Глава 8

Прошло ещё две недели. Город за эти четырнадцать дней стало совсем не узнать. В магазинах пропала даже соль, на рынках цены взлетели до небес. Единственное что было стабильно, подвоз хлеба. Продавали прямо с борта. Продавщица, бледная и усталая, с руками в муке, выкрикивала: «Одна булка в руки! Только одна! Не толкаться!» И если тебе везло, если ты успел протиснуться, если хватило запаса — ты выходил из этой давки, прижимая к груди еще теплый, душистый кирпичик хлеба, как величайшую драгоценность.

Конечно одними подвозами дело не ограничивалось, хлеб можно было купить и на рынке у спекулянтов, но стоило это «удовольствие» раз в пятнадцать, а то и в двадцать дороже! Цена, за которую раньше можно было поесть в ресторане, теперь отдавалась за одну буханку. Глядя на эти ценники, на этих «дельцов», внутри все сжималось от бессильной злобы и горечи. Это был уже не хлеб, а символ грабежа на фоне всеобщей беды.

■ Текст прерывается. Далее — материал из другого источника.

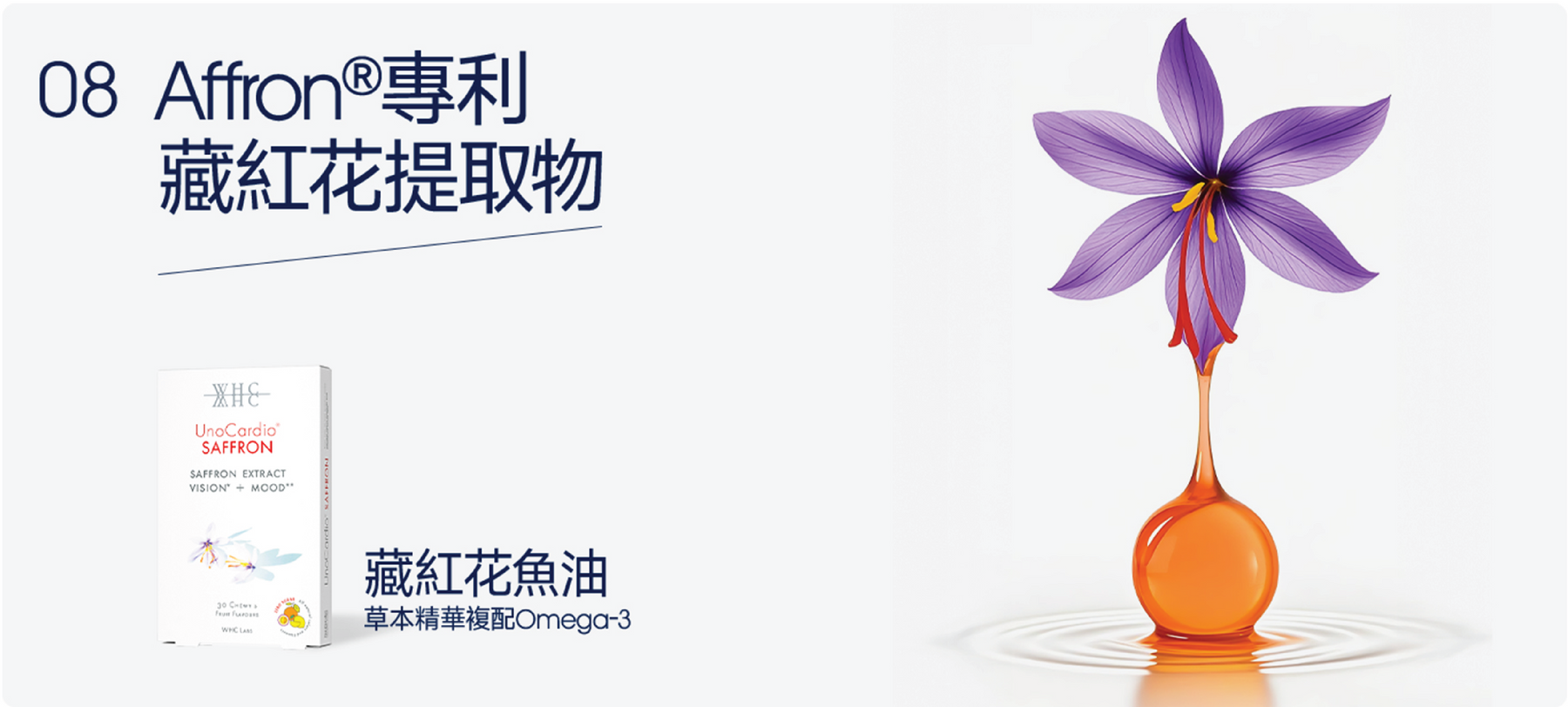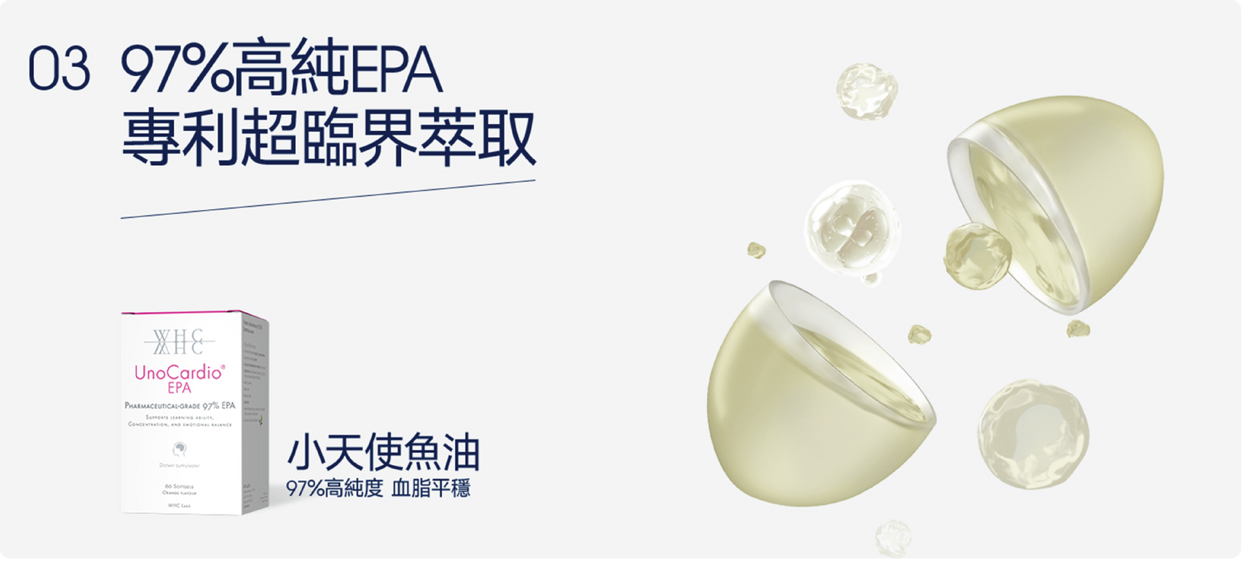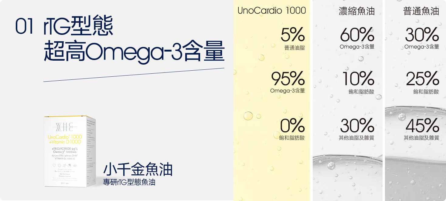 這些必需脂肪酸的健康益處已在許多研究中得到科學證明。WHC 的 UnoCardio® 補充劑含有 90–95% Omega-3,因此在單一軟膠囊中提供所需的 Omega-3,相當於 3-10 顆標準魚油軟膠囊。

А мясо? Подходить к мясным рядам вообще не имело смысла. Даже у меня, у кого в карманах все ещё водились зеленые, «твердые» доллары, лицо само собой кривилось в гримасе оторопи при взгляде на эти безумные цифры. Килограмм мертвой, заветренной говядины — и целое состояние! Это было уже не просто дорого — это было издевательство. Масло? Желтый, маслянистый кирпичик, превратившийся в недосягаемый деликатес. Молоко? Белая жидкость ценой чуть ли не золота. Сметана? Загустевшие сливки, доступные теперь лишь избранным. Цены взлетели абсолютно на ВСЁ. Каждый поход на рынок превращался в экзамен на прочность нервной системы и кошелька.

Несмотря на то, что телевизор по-прежнему шипел помехами, новости из Москвы стали просачиваться как-то регулярнее. Заработала, наконец, наша местная газетенка — какая-то жалкая, серенькая, отпечатанная на плохой бумаге. Ее хватали из рук в руки, читали взахлеб, передавая из дома в дом, пока листы не превращались в лохмотья. Но ничего, СОВЕРШЕННО ничего утешительного в этих строчках не было. Каждый заголовок, каждая заметка — словно удар обухом по голове. Газета не информировала — она хоронила последние надежды.

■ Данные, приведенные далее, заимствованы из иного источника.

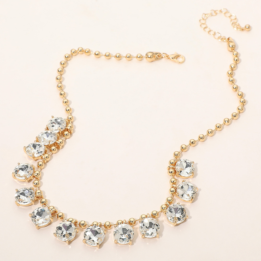 • Elegant necklace featuring a delicate beaded chain accented with faceted round stones arranged along the neckline. Designed to add refined sparkle and balanced detail, this versatile piece suits everyday wear, special occasions, gifting, and boutique collections with a timeless, polished appeal.
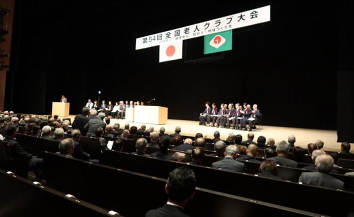 第54回全国老人クラブ大会は、二日間にわたり茨城県水戸市民会館で開催されました。 「のばそう!健康寿命、担おう!地域づくりを」メインテーマとし、活動発表、講演・式典が行われました。 |
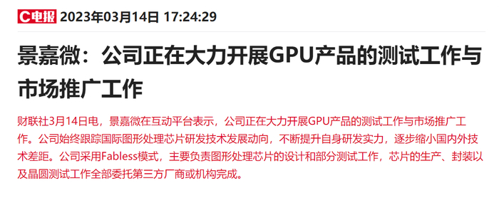 景嘉微3月14日在互动平台表示,公司正在大力开展GPU产品的测试工作与市场推广工作。公司始终跟踪国际图形处理芯片研发技术发展动向,不断提升自身研发实力,逐步缩小国内外技术差距。公司采用Fabless模式,主要负责图形处理芯片的设计和部分测试工作,芯片的生产、封装以及晶圆测试工作全部委托第三方厂商或机构完成。

Если коротко — Гражданская война. Это страшное слово, которое раньше было лишь на страницах учебников истории, теперь стало реальностью. До нас, до нашей глухой «дыры», слава Богу, этот огонь пока не докатился. Но центральная часть страны? Она уже вовсю полыхала. И не только центр. Как пожар по сухой степи, война растекалась, поглощая все новые и новые регионы. Из газеты, из обрывков радиоперехватов, из шепотков на рынке складывалась картина всеобщего пожара.

Башкиры, под шумок всеобщей неразберихи, уже вовсю рисовали на картах новые, причудливые границы своей будущей республики. Татарстан закипал, как котел перед взрывом — митинги, требования независимости, столкновения. А горные республики Кавказа? Они словно ждали этого часа — одна за другой громогласно объявляли о выходе из состава разваливающегося Союза. Карта страны трещала по швам, расползаясь на лоскуты, каждый из которых тянул одеяло на себя. Империя рушилась на глазах.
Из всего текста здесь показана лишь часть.